(Dataset items)
★ ★ ★ ★
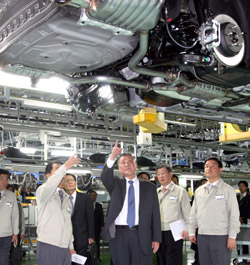 現(xiàn)代汽車總裁鄭夢(mèng)九在視察現(xiàn)代汽車廠的生產(chǎn)車間
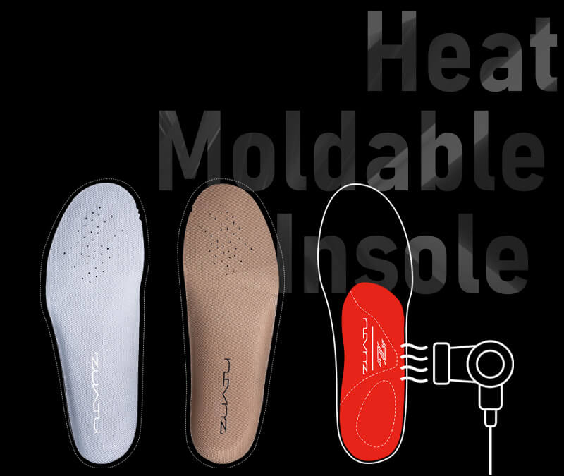 Premium footbeds of Z001 cycling shoes utilize heat molding insoles technology to create a superior footbed package. Moisture absorbent, breathable, ultra light. The combination of technical fabrics with exquisite handwork allows for a footbed that has a long lasting comfort as well as improved foot stability. At the heel of insole, as a buffer, shock absorption can efficiently mitigate shock and avoid injuring during exercise.
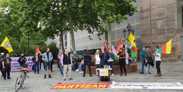 TKP/ML davası mahkemesinin başlamasının 4. yılı ve Nisan 2015 uluslararası emperyalist operasyonunu teşhir etmek için bugün Atina, Viyana, İnnsbruck, Brüksel ve Zürich`te ” Devrimci Mücadele Meşrudur, Yargılanamaz !” şiarıyla yapılan sokak etkinliklerinden biri de Nürnberg`de TKP/ML Münih davasında gelinen aşamaya ve davanın olası sonuçlarına dair kitlesel bir Miting ve Basın açıklaması şeklinde gerçekleşti.
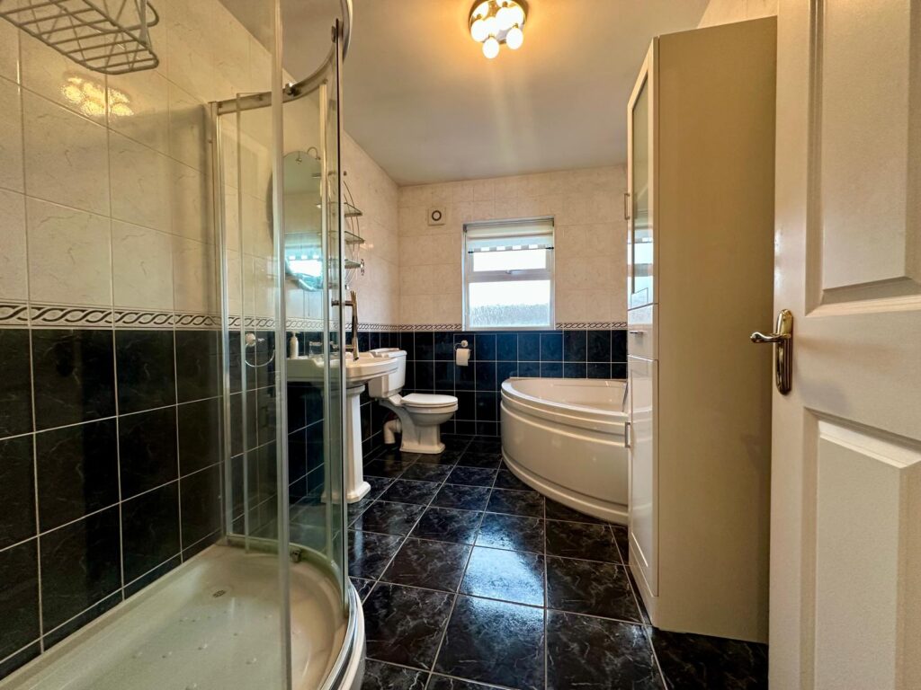 Large corner bath with chrome faucet and shower head, large enclosed shower with Triton T90z electric shower., w.h.b. and w.c. Window overlooking rear garden. |
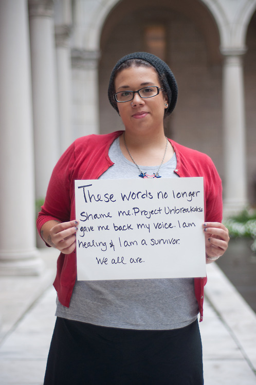 I have followed Project Unbreakable for what feels like a beautifully long time. The project was founded in october of 2011, and I must have found them just a few months later and followed their every move. I remember the project moving from being a photo project to a continued project, and Grace taking the project on the road and photographing survivors all over the country. I was excited when she traveled abroad, and wanted desperately to apply when she posted that she was hiring interns. I ordered their wristband, wore it proudly, and signed up for the newsletter in a giddy email to Kaelyn, the new Director of Project Unbreakable. (To which I received an equally excited response!) Needless to say, I was thrilled when I heard they were coming to speak at JMU.
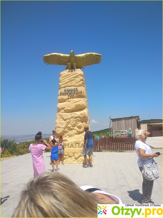 Самая первая остановка - это Статуя парящего орла, так в Анапе обозначено начало Кавказских гор. Расположена она на первом перевале с большой смотровой площадкой, где открывается отличный вид на всю Анапу.
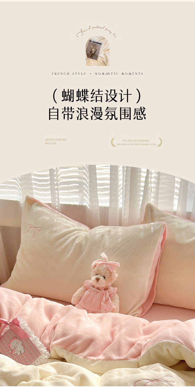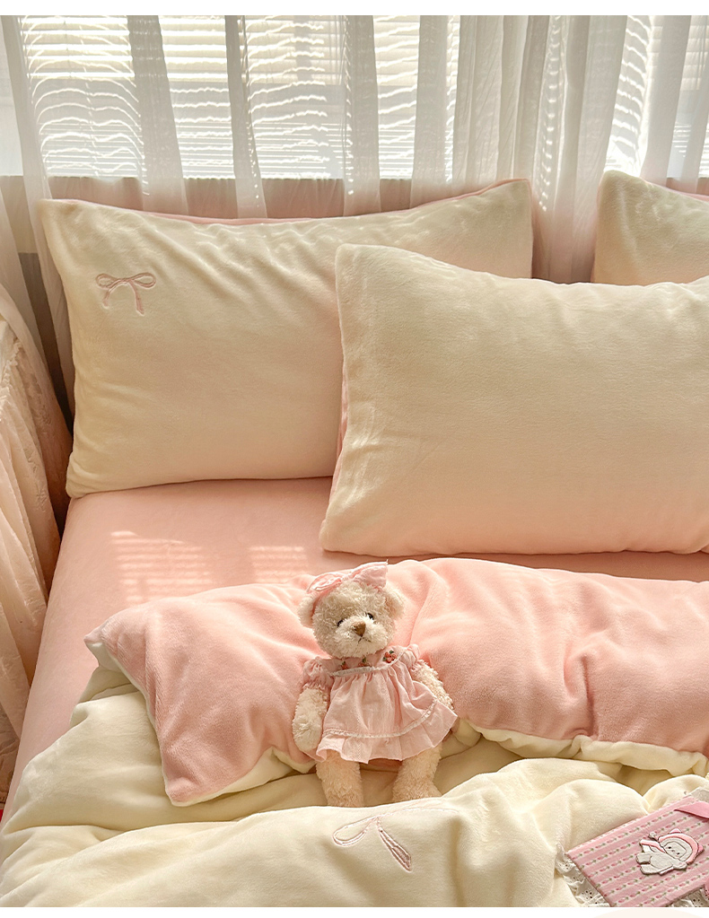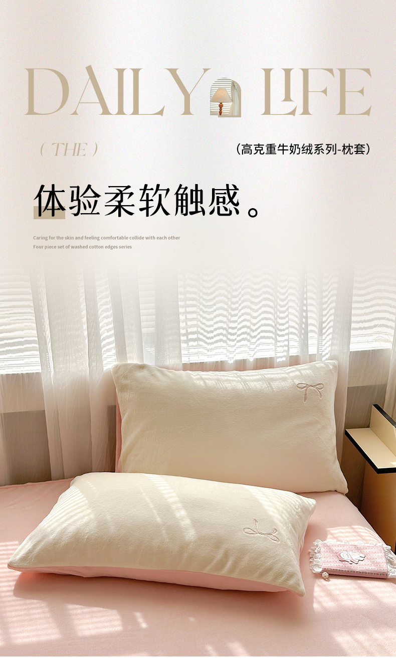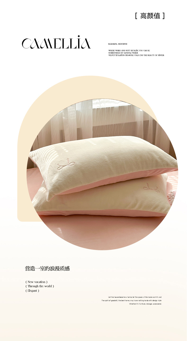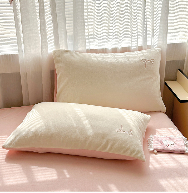 娜娜 2025新款高克重牛奶绒同心结系列单品枕套 同心结白+粉
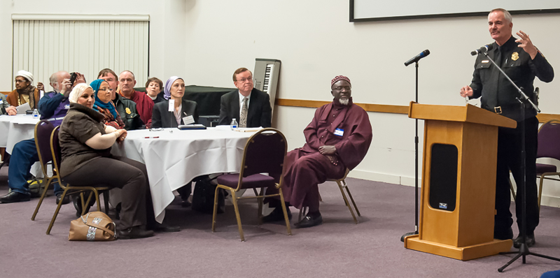 The principal speaker was Montgomery County Police Chief Tom Manger, answering questions ranging from racial profiling and mental illness to police training and protecting youth.
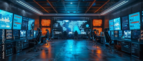 This is a shot of the System Control Monitoring Room. It is empty.
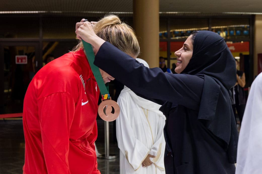 توجت أضواء العريفي، مساعد وزير الرياضة لشؤون الرياضة وعضو مجلس إدارة اللجنة الأولمبية والبارالمبية السعودية، الفائزات في منافسات السباحة (للسيدات) التي اختتمت اليوم الأحد في مسبح وزارة الرياضة بمجمع الأمير فيصل بن فهد الأولمبي، بحضور منى شهاب، عضو مجلس إدارة الاتحاد السعودي للسباحة.
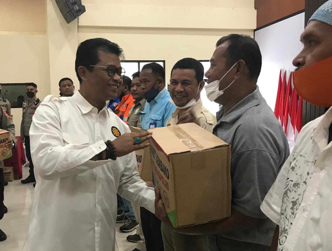 TERNATE,HR—Dalam rangka hari bhayangkara ke -76, Kapolda Maluku Utara (Malut), Irjen Pol Risyapudin Nursin melakukan penyerahan 1.000 bantuan sembako dari kapolri ke buruh terdampak pendemi covid-19.
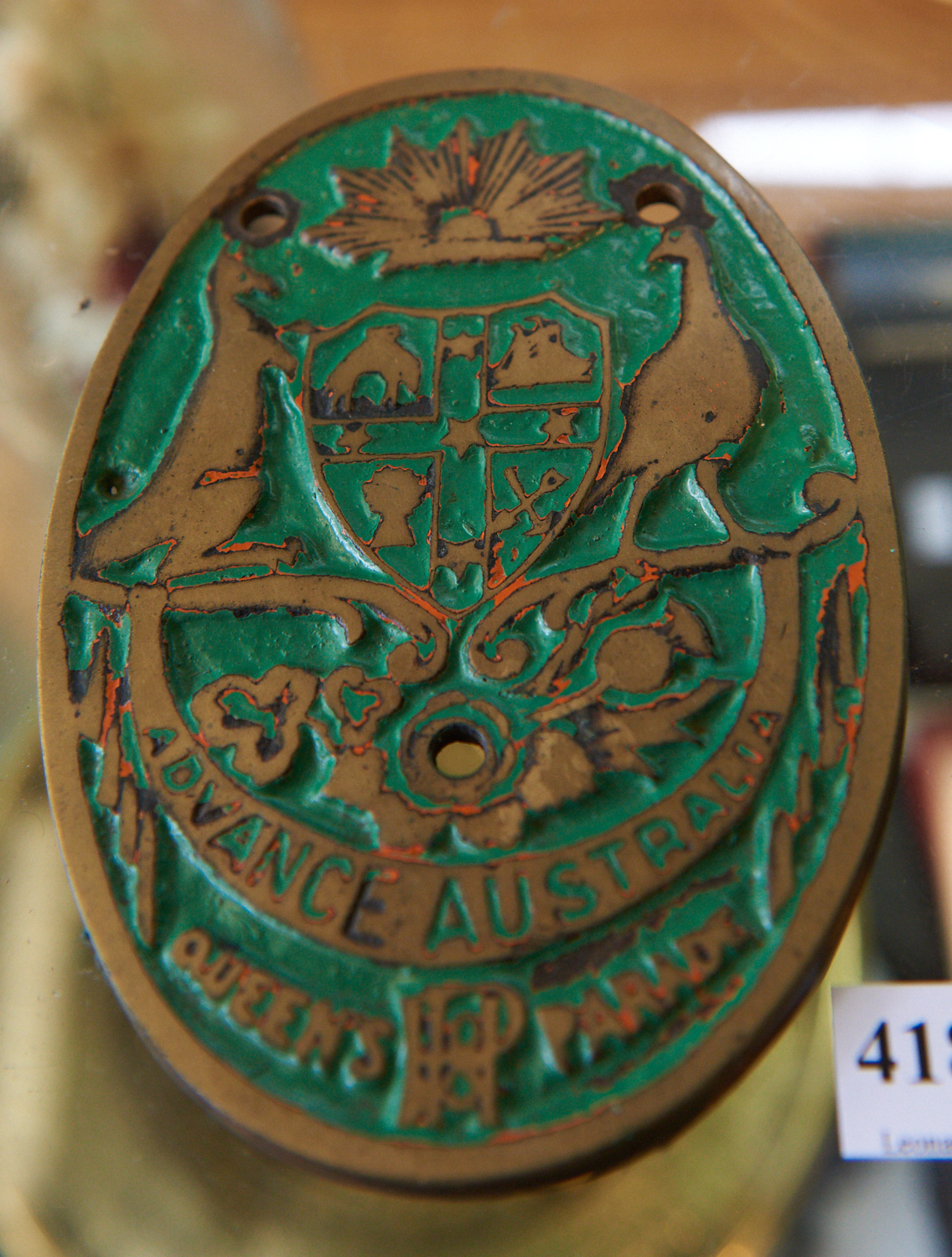 A MANUFACTURERS MACHINERY NAME PLATE FANTASY COAT OF ARMS, VICTORIAN COLONIAL PERIOD H.15CM, LEONARD JOEL LOCAL DELIVERY SIZE: SMALL
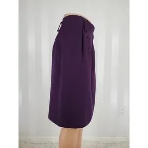 Fabulous purple straight skirt features a pleated front design and back zipper closure. It has large belt loops for your favorite belt and back venting. This skirt is fully lined. Don't miss out on this purple Casual Corner skirt.
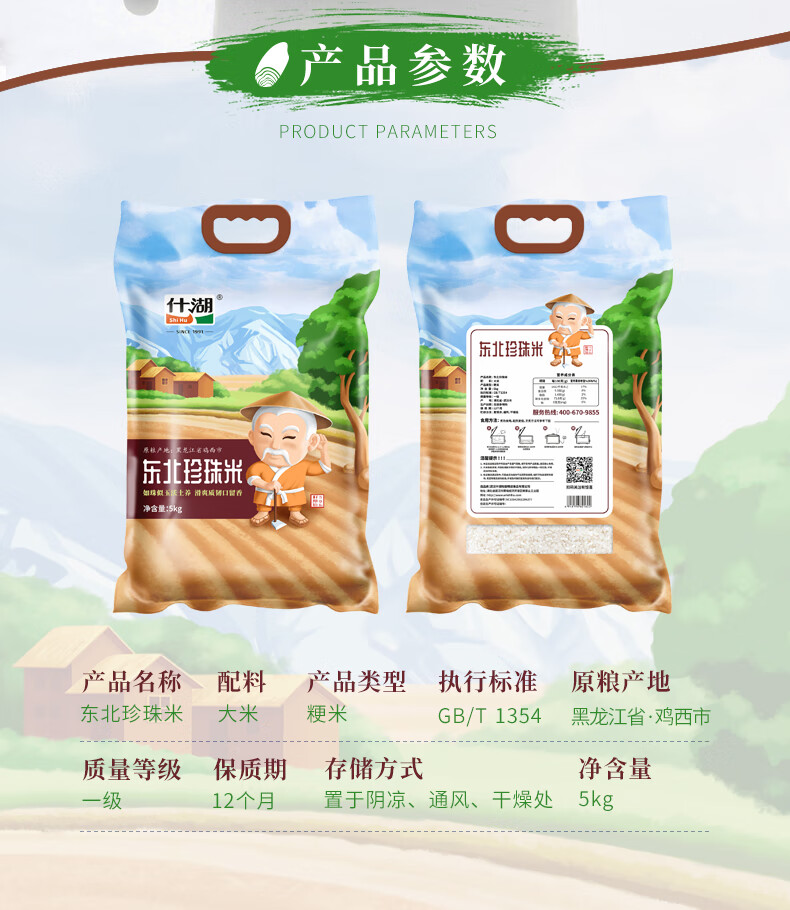 商品名称:(巨邦佑)R+什湖(SHIHURICE) 东北珍珠米5kg 长粒香米 煮饭煮粥真空包装 农家当季新米
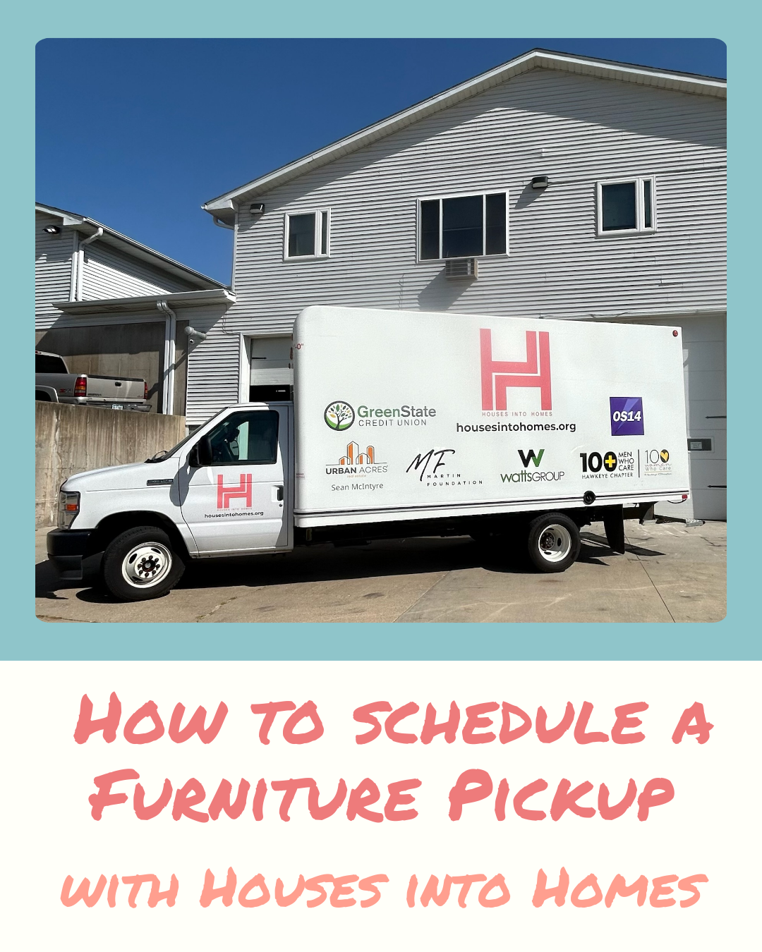 Did you know that we offer free pickup for furniture donations? If you're downsizing, moving, or getting new furniture, consider scheduling a Houses into Homes pickup for your gently-used items. We offer pickup in Coralville, Iowa City, North Liberty, Tiffin, and Solon. Follow these steps to submit a request!
★ ★ ★ ★
**YOUR ASSIGNMENT:**
Exclude the pictures and repeat the entries word for word.

**RESPONSE:**
 現(xiàn)代汽車總裁鄭夢(mèng)九在視察現(xiàn)代汽車廠的生產(chǎn)車間
 Premium footbeds of Z001 cycling shoes utilize heat molding insoles technology to create a superior footbed package. Moisture absorbent, breathable, ultra light. The combination of technical fabrics with exquisite handwork allows for a footbed that has a long lasting comfort as well as improved foot stability. At the heel of insole, as a buffer, shock absorption can efficiently mitigate shock and avoid injuring during exercise.
 TKP/ML davası mahkemesinin başlamasının 4. yılı ve Nisan 2015 uluslararası emperyalist operasyonunu teşhir etmek için bugün Atina, Viyana, İnnsbruck, Brüksel ve Zürich`te ” Devrimci Mücadele Meşrudur, Yargılanamaz !” şiarıyla yapılan sokak etkinliklerinden biri de Nürnberg`de TKP/ML Münih davasında gelinen aşamaya ve davanın olası sonuçlarına dair kitlesel bir Miting ve Basın açıklaması şeklinde gerçekleşti.
 Large corner bath with chrome faucet and shower head, large enclosed shower with Triton T90z electric shower., w.h.b. and w.c. Window overlooking rear garden. |
 I have followed Project Unbreakable for what feels like a beautifully long time. The project was founded in october of 2011, and I must have found them just a few months later and followed their every move. I remember the project moving from being a photo project to a continued project, and Grace taking the project on the road and photographing survivors all over the country. I was excited when she traveled abroad, and wanted desperately to apply when she posted that she was hiring interns. I ordered their wristband, wore it proudly, and signed up for the newsletter in a giddy email to Kaelyn, the new Director of Project Unbreakable. (To which I received an equally excited response!) Needless to say, I was thrilled when I heard they were coming to speak at JMU.
 Самая первая остановка - это Статуя парящего орла, так в Анапе обозначено начало Кавказских гор. Расположена она на первом перевале с большой смотровой площадкой, где открывается отличный вид на всю Анапу.
 娜娜 2025新款高克重牛奶绒同心结系列单品枕套 同心结白+粉
 The principal speaker was Montgomery County Police Chief Tom Manger, answering questions ranging from racial profiling and mental illness to police training and protecting youth.
 This is a shot of the System Control Monitoring Room. It is empty.
 توجت أضواء العريفي، مساعد وزير الرياضة لشؤون الرياضة وعضو مجلس إدارة اللجنة الأولمبية والبارالمبية السعودية، الفائزات في منافسات السباحة (للسيدات) التي اختتمت اليوم الأحد في مسبح وزارة الرياضة بمجمع الأمير فيصل بن فهد الأولمبي، بحضور منى شهاب، عضو مجلس إدارة الاتحاد السعودي للسباحة.
 TERNATE,HR—Dalam rangka hari bhayangkara ke -76, Kapolda Maluku Utara (Malut), Irjen Pol Risyapudin Nursin melakukan penyerahan 1.000 bantuan sembako dari kapolri ke buruh terdampak pendemi covid-19.
 A MANUFACTURERS MACHINERY NAME PLATE FANTASY COAT OF ARMS, VICTORIAN COLONIAL PERIOD H.15CM, LEONARD JOEL LOCAL DELIVERY SIZE: SMALL
 Fabulous purple straight skirt features a pleated front design and back zipper closure. It has large belt loops for your favorite belt and back venting. This skirt is fully lined. Don't miss out on this purple Casual Corner skirt.
 商品名称:(巨邦佑)R+什湖(SHIHURICE) 东北珍珠米5kg 长粒香米 煮饭煮粥真空包装 农家当季新米
 Did you know that we offer free pickup for furniture donations? If you're downsizing, moving, or getting new furniture, consider scheduling a Houses into Homes pickup for your gently-used items. We offer pickup in Coralville, Iowa City, North Liberty, Tiffin, and Solon. Follow these steps to submit a request!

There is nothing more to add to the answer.